One of the main focuses of a review by the Federal Constitutional Court would most likely be the “modification” of the proportionality principle advocated by the commission majority. According to the established case law of the Federal Constitutional Court, all state conduct must be proportionate. The principle of proportionality or the elaboration of its sub-conditions (legitimate purpose, appropriateness, necessity and proportionality in the narrower sense) is an essential achievement of the modern rule of law, whose origins, however, can be traced back to ancient doctrines of justice. It is an indispensable vehicle for effecting fundamental rights. Although case law recognises that the principle of proportionality is subject to different levels of scrutiny, the argument that with respect to Article 15 of the Basic Law this pivotal principle of the rule of law is to be understood differently than in the case of other state conduct is therefore met with reservations.

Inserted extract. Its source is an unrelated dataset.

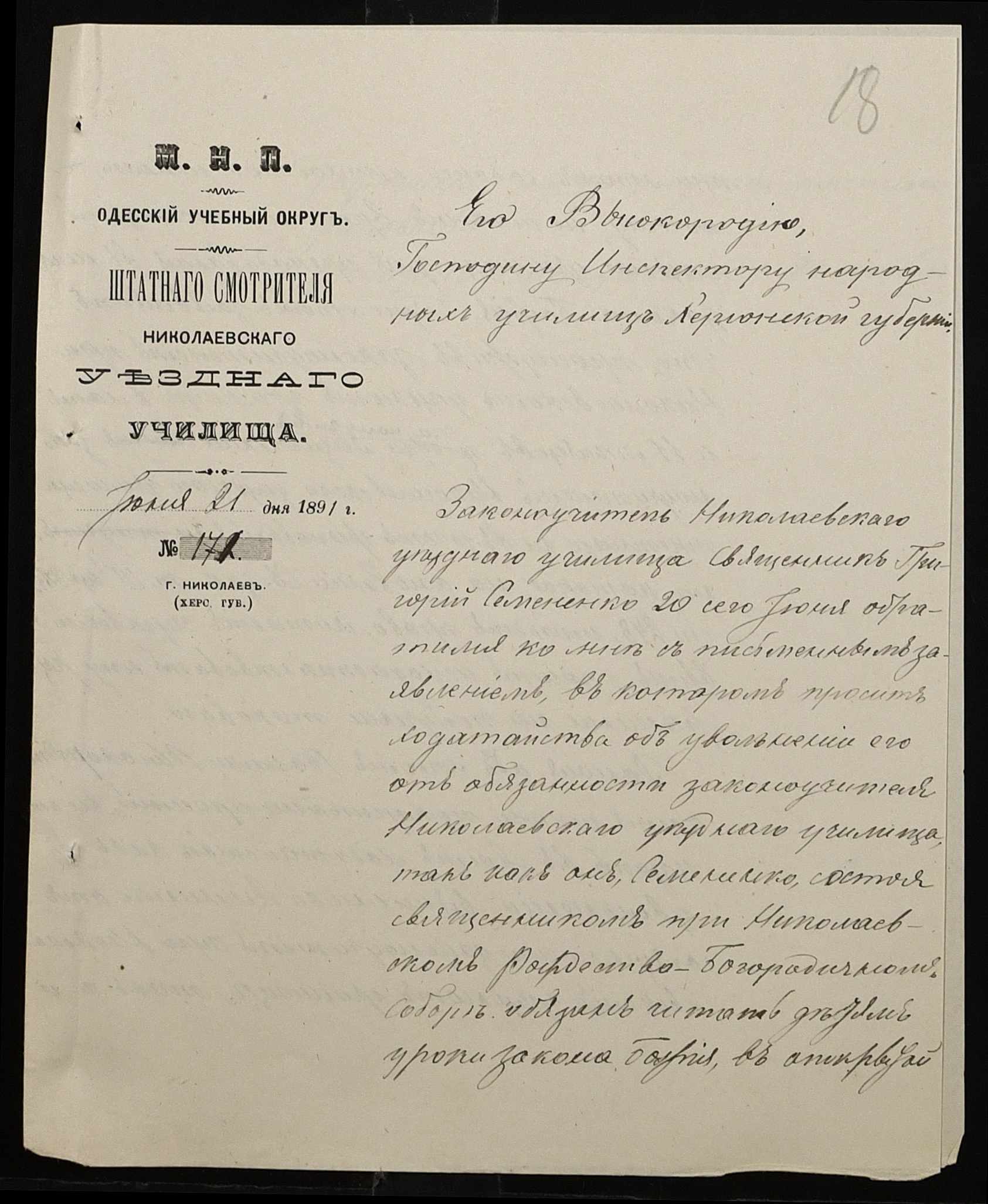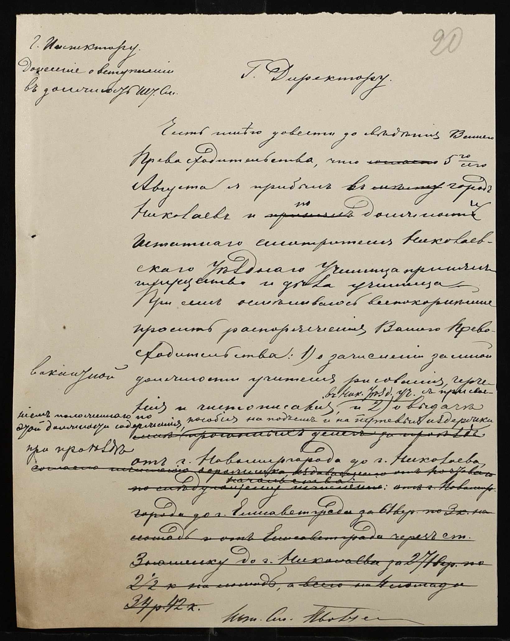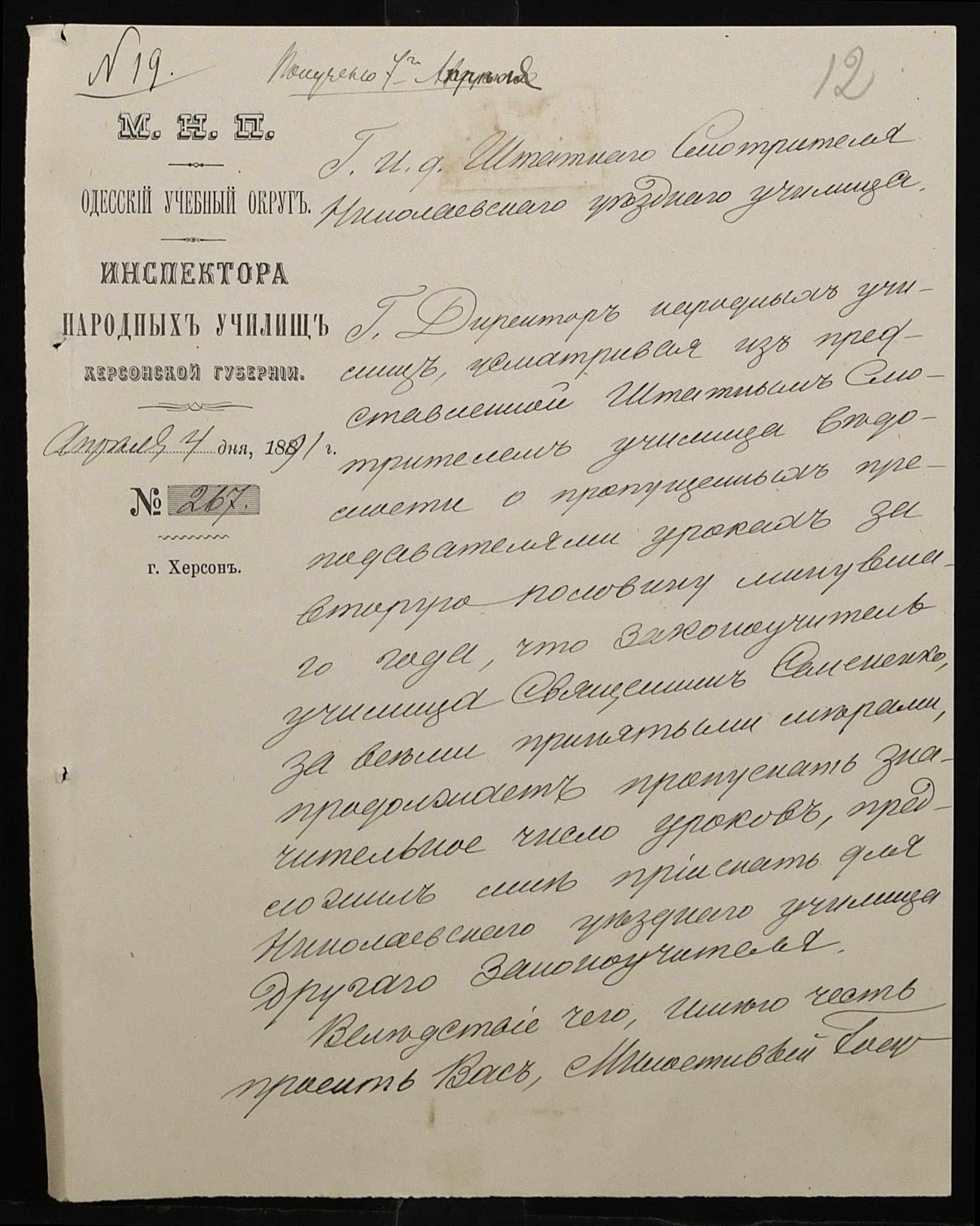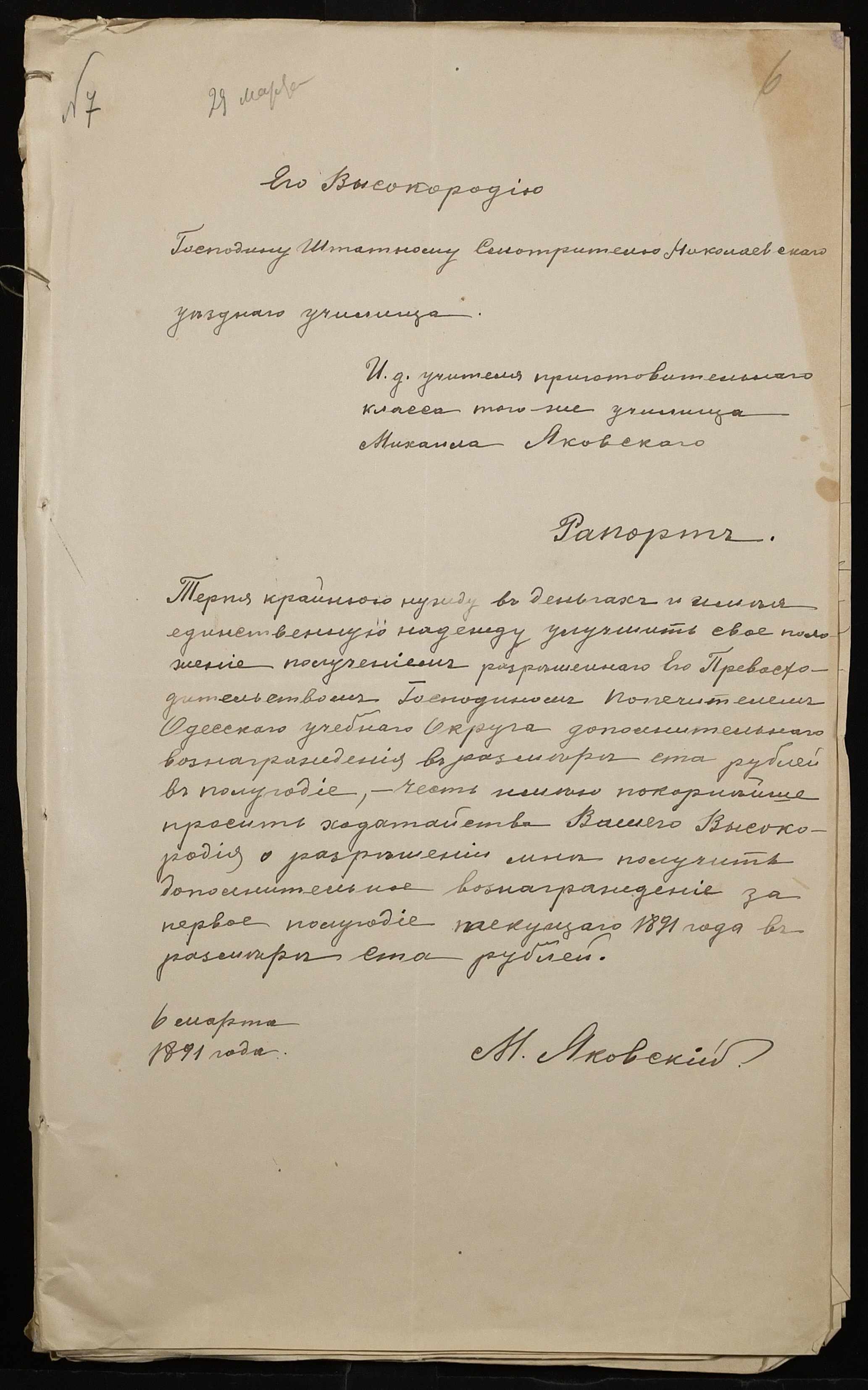 • • • • Справа № 250 “Листування про проходження служби чиновниками повітового училища”

In this context, one must also ask whether the supposed “special status” of Article 15 of the Basic Law, which is justified based on legal history in particular, perhaps represents a constitutional relic from a time in which, at least in German legal circles, the meaning and scope of the principle of proportionality still had to be fully absorbed and accepted. It is therefore obvious that Article 15 of the Basic Law must be re-evaluated in the light of more than 70 years of constitutional case law. The US constitutional theory of originalism, which posits that legal sources are to be interpreted primarily in the spirit of the time of their origin, was never able to establish itself in German constitutional jurisprudence and theory.

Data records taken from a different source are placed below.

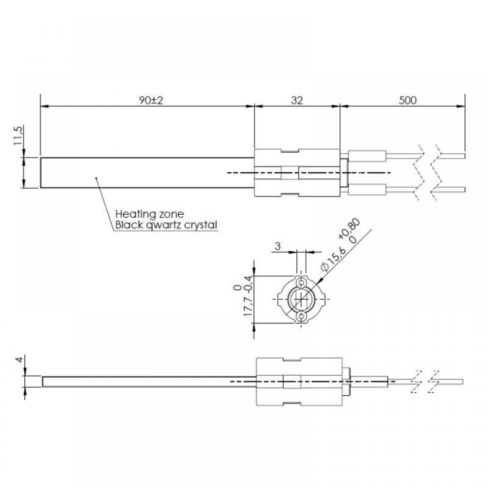 Fekete kvarckristály ellenállás pelletkályha világításhoz - PS14-230-300 gyújtó, pellet és faforgács meggyújtására tervezve kazánokhoz és égőkhöz.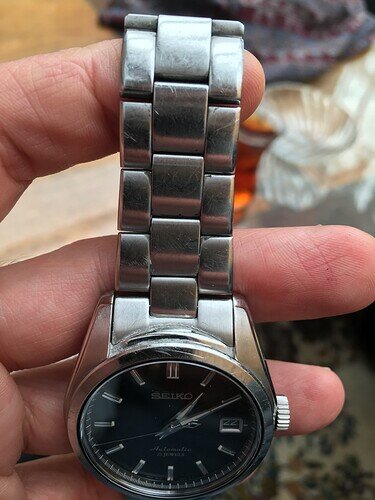 Zo’n 5 jaar geleden gaf ik mijn vader deze sarb033 cadeau. Mijn vader is een old school one watch guy en doet hem nooit af. Hij doet zwaar werk in een emaille fabriek. Dit is hoe het horloge er nu uitziet.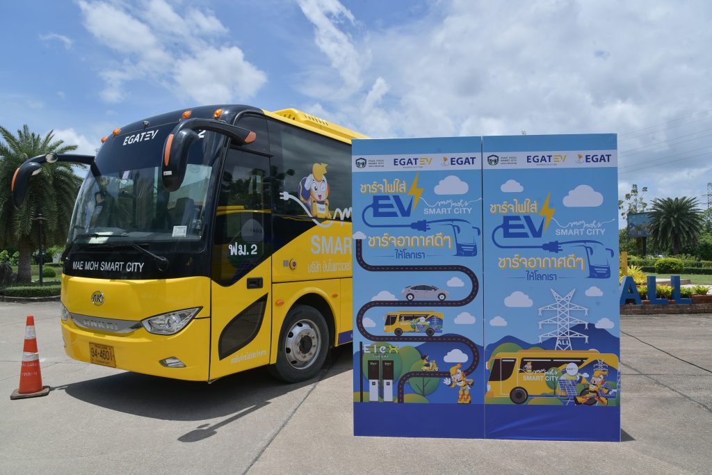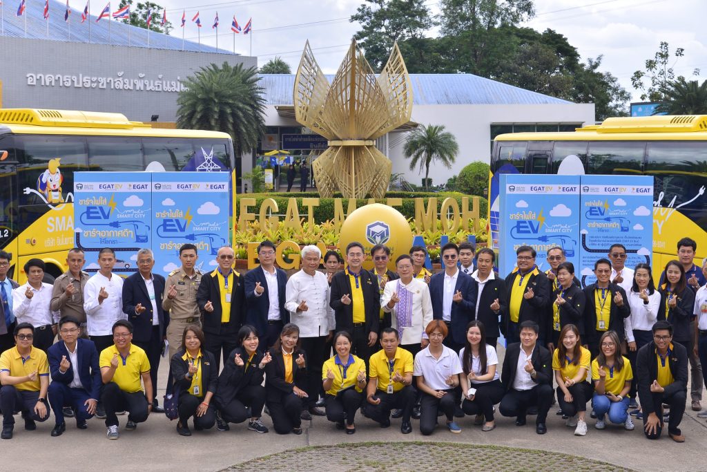 On August 10, 2023, the Electricity Generating Authority of Thailand (EGAT) launched the electric minibuses in the event, “Charge EVs, Charge Our World with Clean Air,” chaired by Mr. Siriwat Bupphacharoen, Deputy Governor of Lampang Province. Mr. Boonyanit Wongrukmit, Governor of EGAT; EGAT executives; heads of Lampang provincial authority and Mae Moh district authority; Digital Economy Promotion Agency (DEPA); Chiang Mai University; and community leaders also attended the event at EGAT Mae Moh in Mae Moh District, Lampang Province.

The question of whether and how the principle of proportionality is to be understood in the context of Article 15 of the Basic Law also has an impact on the question of possible compensation. The methods of calculating compensation advocated by the commission majority would amount, to varying degrees, to a partial deprivation of property without compensation, which, if one rejects the said modification of the principle of proportionality, would not be proportionate – especially given that the State itself has contributed to higher rents through its housing and construction land policies. The wording of Article 15 sentence 2 of the Basic Law also suggests that the type and manner of compensation cannot be understood any differently than in the context of the property guarantee under Article 14 of the Basic Law. Regarding Article 14 of the Basic Law, the Federal Constitutional Court has indicated that owners may have to accept certain deductions due to the socially binding nature of property. However, this probably would not have meant unlimited reductions based on what is (allegedly) fiscally feasible.
In order to be able to make a substantiated assessment of the constitutionality of a nationalisation framework law, we need to wait to see what specific form it takes. However, if its provisions are based on the material legal assumptions made by the commission majority, it would be open to constitutional challenge for the reasons set out above.